> _GOAL OF THE EXERCISE_: Line by line, return the listing exactly, without any of the images.

> _RECORD EXTRACTS_:
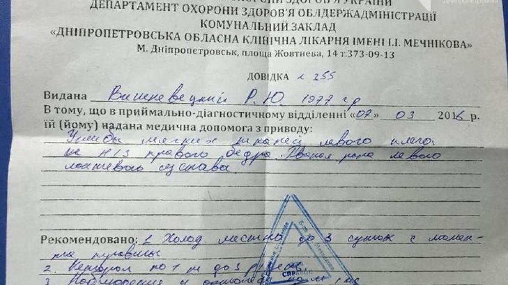 На депутата Днепропетровского городского совета напали неизвестные с битами. Об этом написал в социальных сетях Василий Холод.
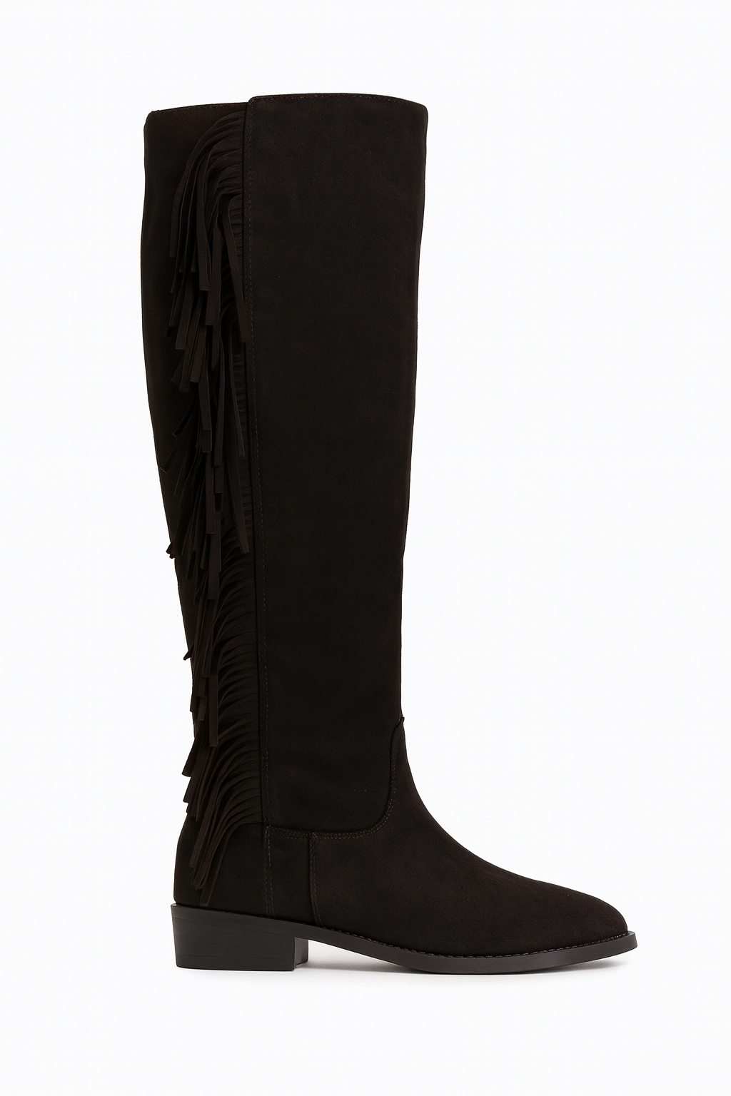 Bota alta en color negro, confeccionada en material efecto ante suave, diseñada para aportar estilo y personalidad a cualquier look. Su detalle de flecos laterales añade movimiento y un toque boho elegante que realza la silueta y marca tendencia.
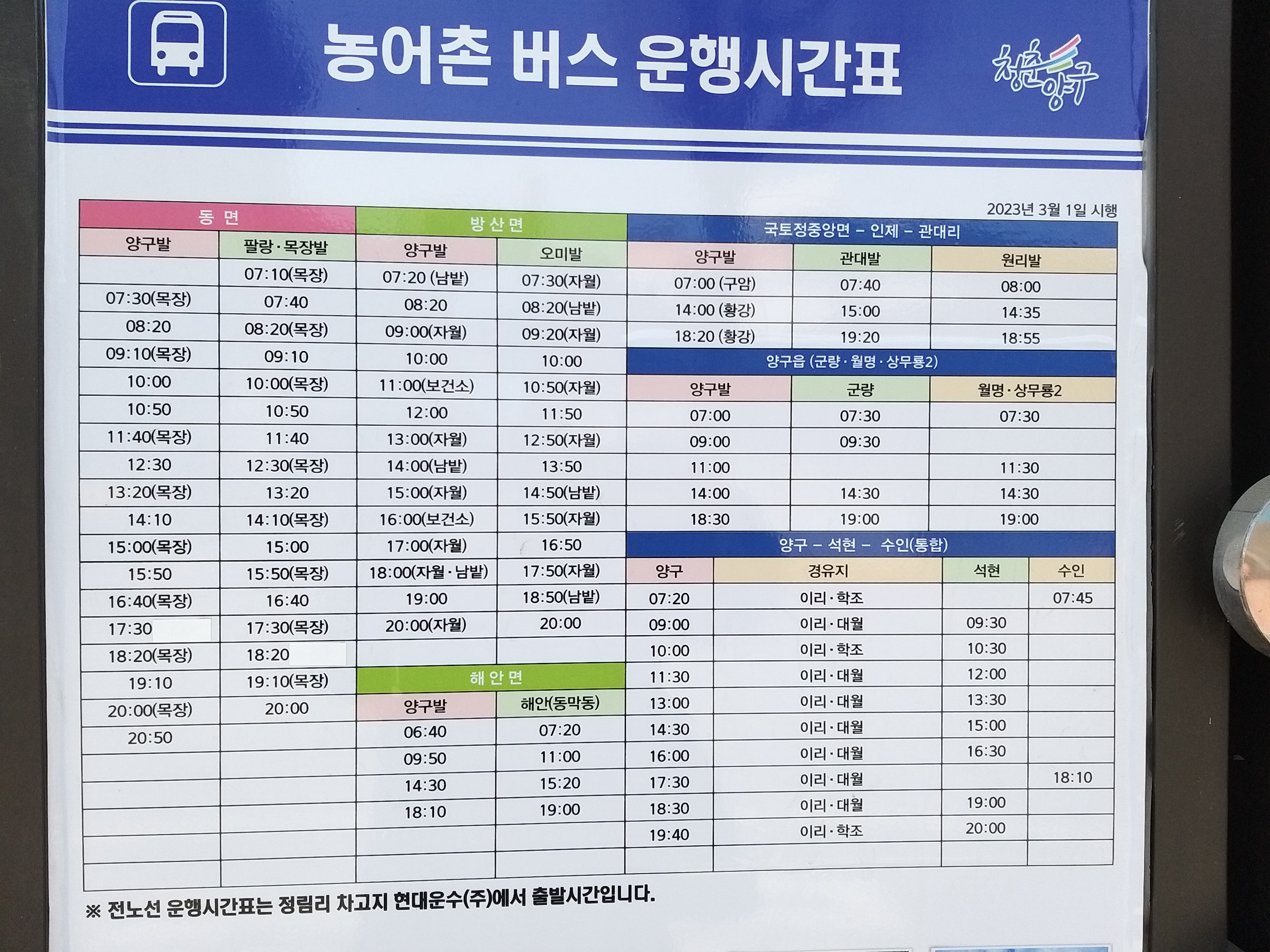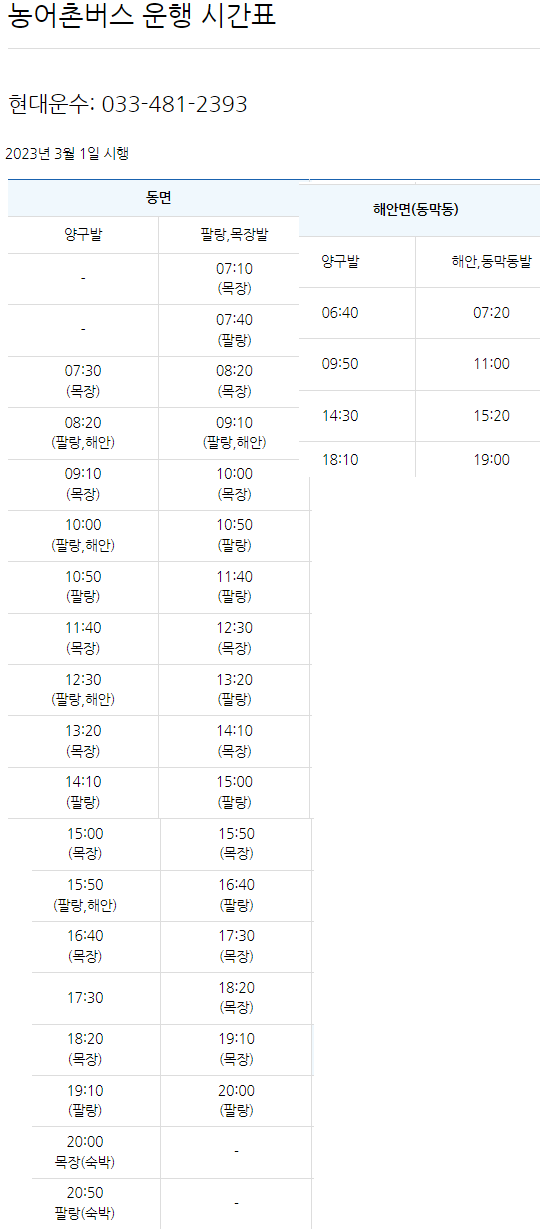 23-03-01부로 버스 시간이 개편되었다.(양구홈피와 버스 정류소에 부착된 버스 시간표 사양이 상이하다) 예전엔 동면 방면으로 해안가는 노선이 없었다. 동면과 해안방면은 승차지가 다르다. 내가 타야할 12시30분 차량이 팔랑,해안을 가기에 어디서 타야할지 헷갈려 현대운수에 문의하니 동면방면 가는버스는 국토정중앙면(舊 남면)으로 운행한다하여 터미널 건너편 정류소에서 버스를 기다린다. 참고로 동면 방면의 팔랑,해안 노선은 팔랑에서 환승한다네. 12시35분 와야할 버스가 안온다. 스케쥴상 산행후 금악리에서 막차 시간보다 10분 늦게 도착 예상이라 1분,1초가 아까운데 12시39분 되어서 온다.(도솔지맥 및 뒷날 차고지에서 터미널에 도착한 버스 시간이 5분임을 확인) 늦게 도착했으면 좀 빨리 달려야 할텐데. 공사 차량뒤를 졸졸 따라간다. 날머리에서 택시 탈 각오를 했다. 이친구 가관인건 농협에 차를 세우고 개인 볼일을 봐야 겠단다. 와 미치겠네. 안된다 소리는 못하고 팔랑에 12시55분에 도착해야 하는데, 빨리 볼일 보고 가자니. 미안한지 다시 시동을 켜고 진행한다
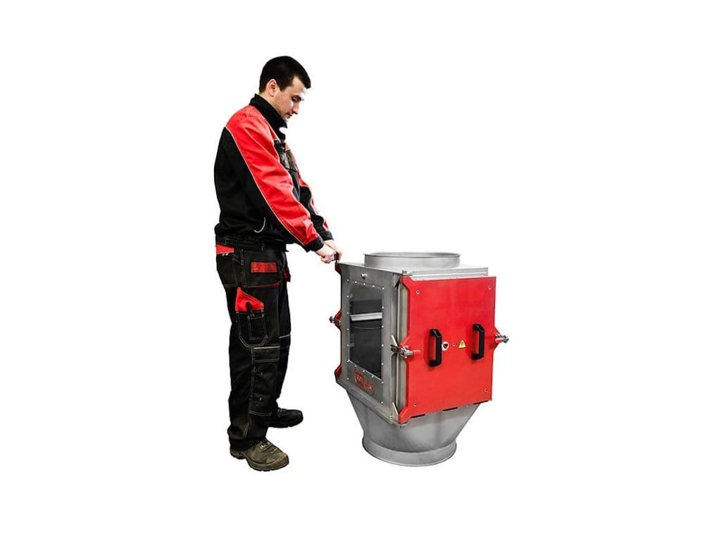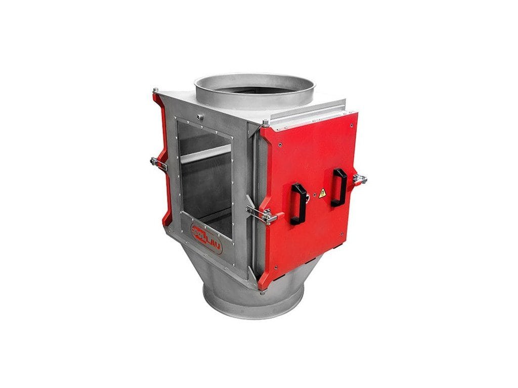 Magnetický doskový separátor ML sa používa na odchytenie kovových nečistôt z materiálov o horších sypných vlastnostiach (obilniny, múka, práškové materiály, piliny apod. By mohli zablokovať a upchať klasické magnetické roštové separátory). Telo separátora tvorí zváraná antikorová skriňa, ktorá sa po pripojení stáva integrálnou súčasťou potrubného systému. Tento separátor osvedčené štandardné konštrukcia má na vnútorných stranách dverí umiestnená neodymová magnetická jadra (chránená krycími nerezovými doskami), ktorá v kombinácií s Rozhrnovače strieškou zabezpečujú vysokú účinnosť magnetickej separácie. Pri čistení separátora sa krycie nerezové dosky odklopí od povrchu magnetov a zachytené feromagnetické kontaminanty samovoľne odpadnú. Pre zabezpečenie trvalej vizuálnej kontroly separačného procesu je zariadenie vybavené veľkými obojstrannými priezormi. |
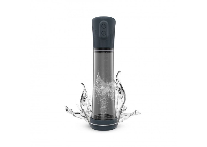 - Як ефективна гідропомпа. В даному випадку в колбу перед тим, як помістити в неї пеніса, необхідно налити води, після чого занурити пеніс і натиснути кнопку. Потужний мотор буде одночасно створювати вакуум і відкачувати воду. Вода виходить під напором зі спеціального отвору біля порту зарядки. Мотор працює дуже тихо!
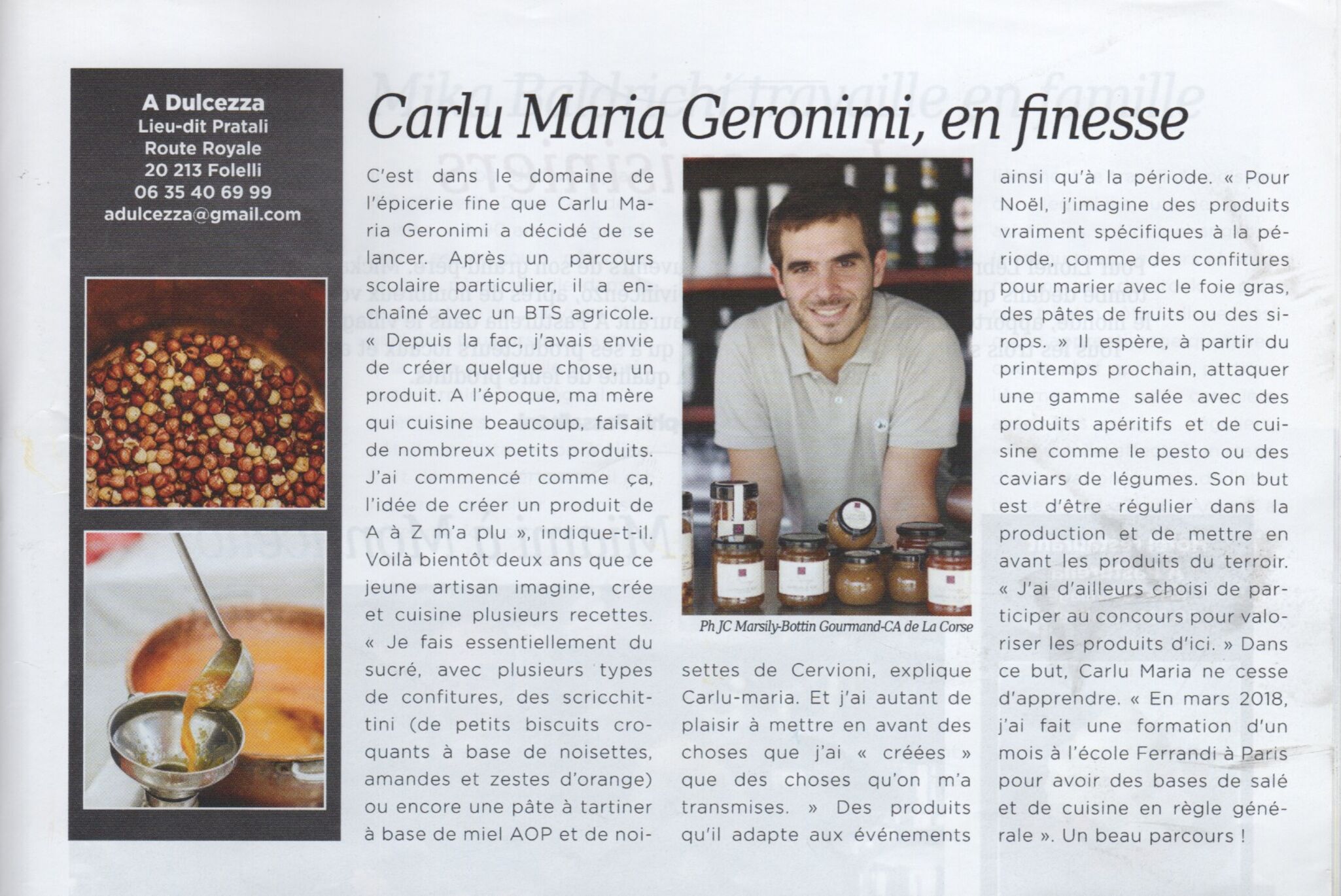 Après quelques expériences diverses et variées, c’est le goût de mon enfance qui a guidé mon projet professionnel en octobre 2016 : A Dulcezza . La richesse de notre terroir additionnée à celle de recettes familiales, m’ont donné l’envie de créer des produits corses destinés aux épiceries fines ,hôtels, restaurants, particuliers ect..
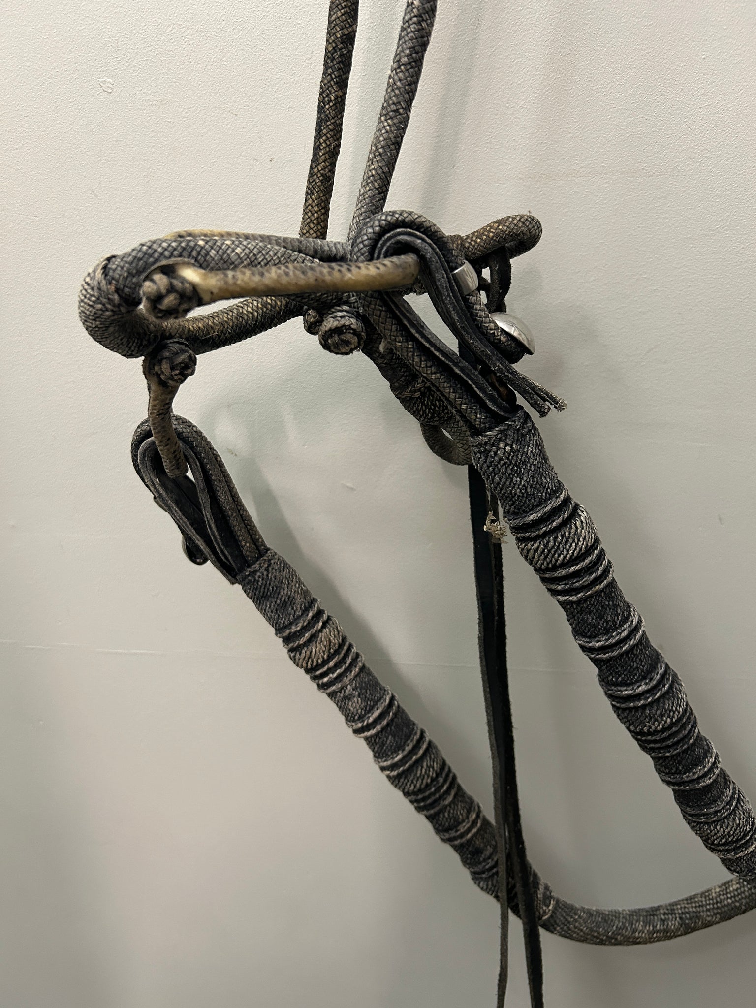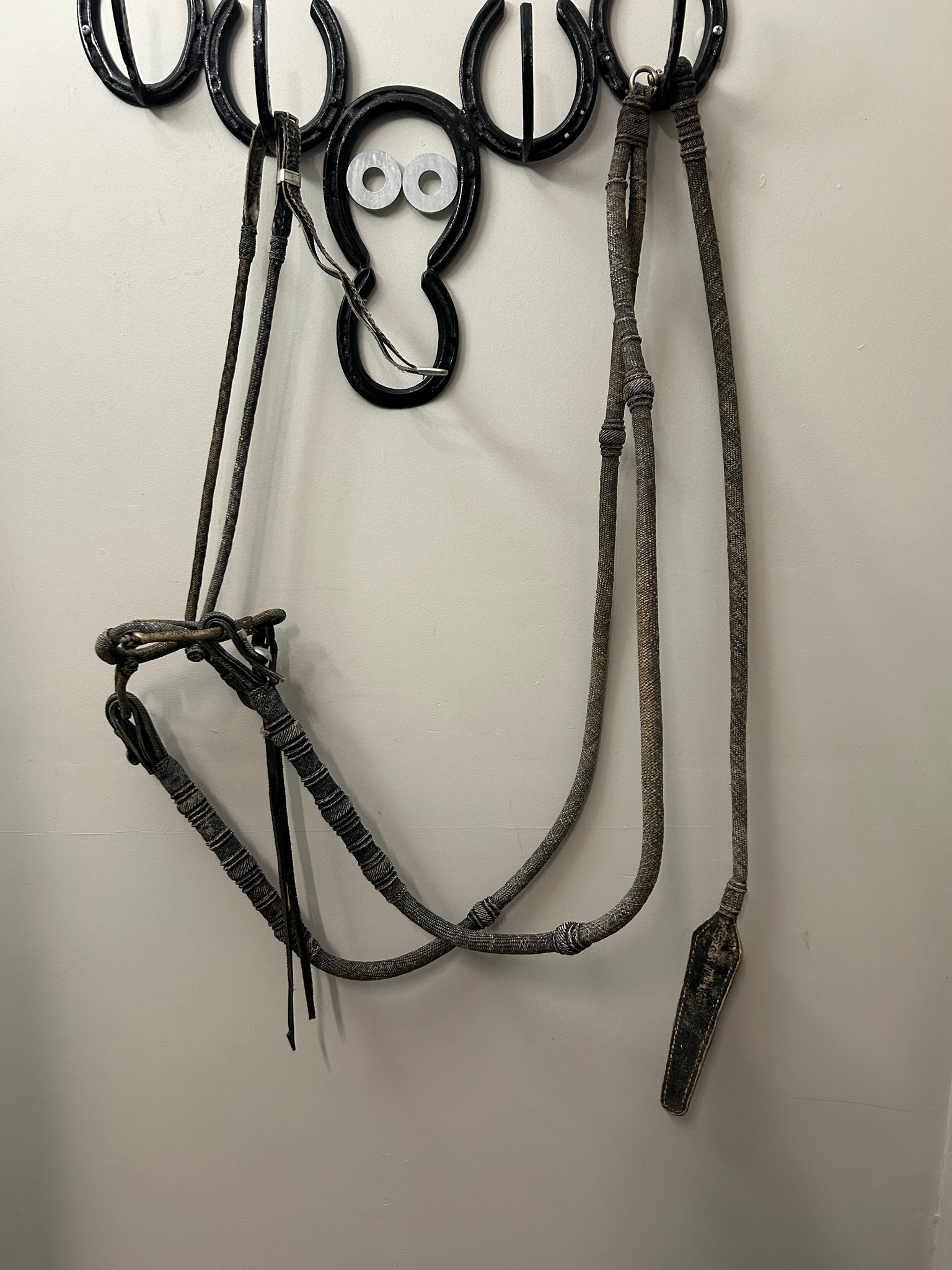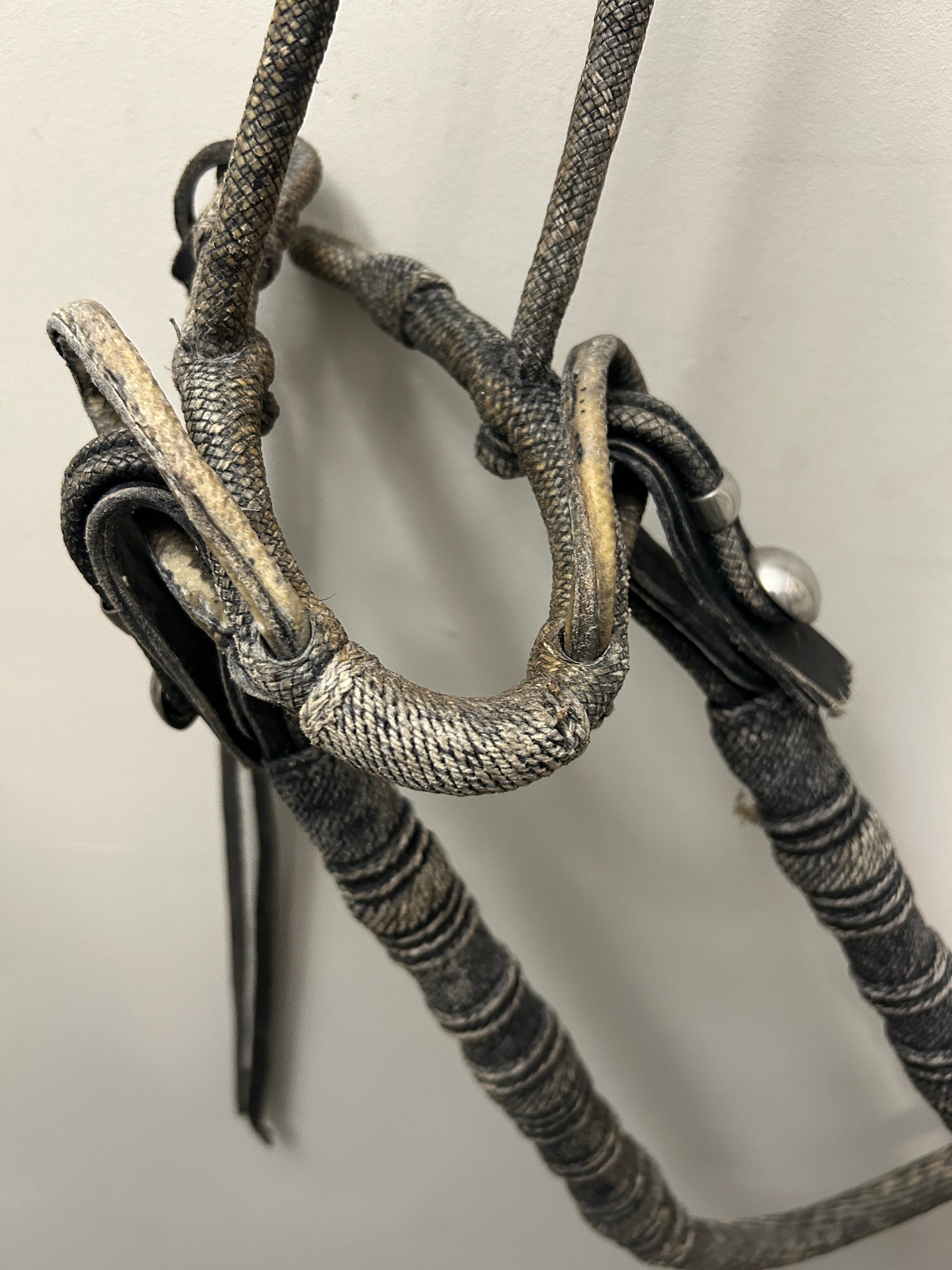 - Looks like it was originally Black, but has worn over the years. This bitless bridle has seen lots of use, but it is still stiff and dry from storage, so would benefit from some TLC.

> _OUTPUT FOR THIS TASK_:
 На депутата Днепропетровского городского совета напали неизвестные с битами. Об этом написал в социальных сетях Василий Холод.
 Bota alta en color negro, confeccionada en material efecto ante suave, diseñada para aportar estilo y personalidad a cualquier look. Su detalle de flecos laterales añade movimiento y un toque boho elegante que realza la silueta y marca tendencia.
 23-03-01부로 버스 시간이 개편되었다.(양구홈피와 버스 정류소에 부착된 버스 시간표 사양이 상이하다) 예전엔 동면 방면으로 해안가는 노선이 없었다. 동면과 해안방면은 승차지가 다르다. 내가 타야할 12시30분 차량이 팔랑,해안을 가기에 어디서 타야할지 헷갈려 현대운수에 문의하니 동면방면 가는버스는 국토정중앙면(舊 남면)으로 운행한다하여 터미널 건너편 정류소에서 버스를 기다린다. 참고로 동면 방면의 팔랑,해안 노선은 팔랑에서 환승한다네. 12시35분 와야할 버스가 안온다. 스케쥴상 산행후 금악리에서 막차 시간보다 10분 늦게 도착 예상이라 1분,1초가 아까운데 12시39분 되어서 온다.(도솔지맥 및 뒷날 차고지에서 터미널에 도착한 버스 시간이 5분임을 확인) 늦게 도착했으면 좀 빨리 달려야 할텐데. 공사 차량뒤를 졸졸 따라간다. 날머리에서 택시 탈 각오를 했다. 이친구 가관인건 농협에 차를 세우고 개인 볼일을 봐야 겠단다. 와 미치겠네. 안된다 소리는 못하고 팔랑에 12시55분에 도착해야 하는데, 빨리 볼일 보고 가자니. 미안한지 다시 시동을 켜고 진행한다
 Magnetický doskový separátor ML sa používa na odchytenie kovových nečistôt z materiálov o horších sypných vlastnostiach (obilniny, múka, práškové materiály, piliny apod. By mohli zablokovať a upchať klasické magnetické roštové separátory). Telo separátora tvorí zváraná antikorová skriňa, ktorá sa po pripojení stáva integrálnou súčasťou potrubného systému. Tento separátor osvedčené štandardné konštrukcia má na vnútorných stranách dverí umiestnená neodymová magnetická jadra (chránená krycími nerezovými doskami), ktorá v kombinácií s Rozhrnovače strieškou zabezpečujú vysokú účinnosť magnetickej separácie. Pri čistení separátora sa krycie nerezové dosky odklopí od povrchu magnetov a zachytené feromagnetické kontaminanty samovoľne odpadnú. Pre zabezpečenie trvalej vizuálnej kontroly separačného procesu je zariadenie vybavené veľkými obojstrannými priezormi. |
 - Як ефективна гідропомпа. В даному випадку в колбу перед тим, як помістити в неї пеніса, необхідно налити води, після чого занурити пеніс і натиснути кнопку. Потужний мотор буде одночасно створювати вакуум і відкачувати воду. Вода виходить під напором зі спеціального отвору біля порту зарядки. Мотор працює дуже тихо!
 Après quelques expériences diverses et variées, c’est le goût de mon enfance qui a guidé mon projet professionnel en octobre 2016 : A Dulcezza . La richesse de notre terroir additionnée à celle de recettes familiales, m’ont donné l’envie de créer des produits corses destinés aux épiceries fines ,hôtels, restaurants, particuliers ect..
 - Looks like it was originally Black, but has worn over the years. This bitless bridle has seen lots of use, but it is still stiff and dry from storage, so would benefit from some TLC.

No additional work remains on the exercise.